Ted Riccardi is professor emeritus at Columbia University, and author of a Sherlock Holmes novel. This writing was first published in March 2007.

Years ago when I was a graduate student in Oriental Studies, I had a professor who was the epitome of academic eccentricity. E B was a philologist: he worked with words, a lot of them – Cherokee, old French, Hindi, Sanskrit and more. Word play was an obsession, and he often set his word games to music, composing such ditties as 'The Brain Behind the Face', 'Rig Veda X. 129' and 'On First Looking into Whitney's [Sanskrit] Grammar'. More importantly, one never knew what he would say or do next. His way of bringing a class to attention was to shout in a stentorian voice something so outrageous and irrelevant to what we were doing that we would gasp at first, but in the end almost always laugh. Instead of whisking us through a particular Sanskrit paradigm he would ask, for instance: Who watched the Johnny Carson show last night? Then there would ensue a long commentary not only on Mr Carson, but also a thorough examination of the state of American popular culture.

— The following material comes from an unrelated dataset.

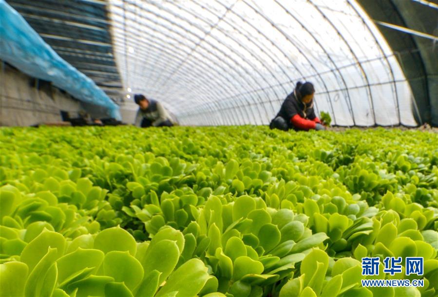 1月9日,在涉县固新镇连泉多肉植物种植基地,农民管护多肉植物。新华社记者 王晓 摄

It was, I suppose, a kind of Zen that E B was practicing. He wanted to startle the student into some form of realisation that what we often do is absurd, and that too often we pursue the absurd as if it is intrinsically worthwhile. Far too often, E B let the details of philology overwhelm any consideration of theory and method; the reverse was also true in his case. But sometimes the juxtaposition of two seemingly unrelated things can lead to a new level of understanding. E B knew this well: put two unrelated things – say, Sanskrit grammar and a talk-show host – and no one can predict the result. Perhaps we can call this E B's proto-chaos theory.

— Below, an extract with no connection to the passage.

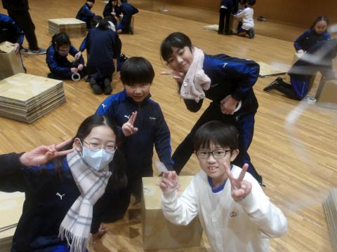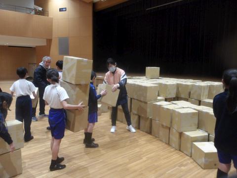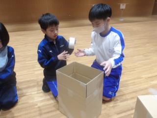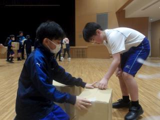作品展の目玉の一つである段ボールのオブジェを作ると知り、子どもたちはやる気満々。それぞれの班に分かれ、協力しながら段ボールを組み立てていきました。

Years later, when I too had become a professor, I found myself in front of a bright class of about twenty students, all eager to learn what they could about Indian civilisation. It was a cold December day toward Christmas, near the end of the fall semester when the seasonal hysteria was beginning to ramp up. I had announced the topic for my lecture: Soma, the powerful drink that plays such a prominent role in the Rig Veda and in Indian religion in general. If they had read their assignments, the students would have learned the basic things about the drink: that the word soma means something that is 'pressed out' of something else; that Soma was a golden-coloured liquid; that it was made from a plant that was not green; that sometimes it was red with white nodules on its top, and grew under the birch tree. It was also called ekapada, which means 'the one with one foot'.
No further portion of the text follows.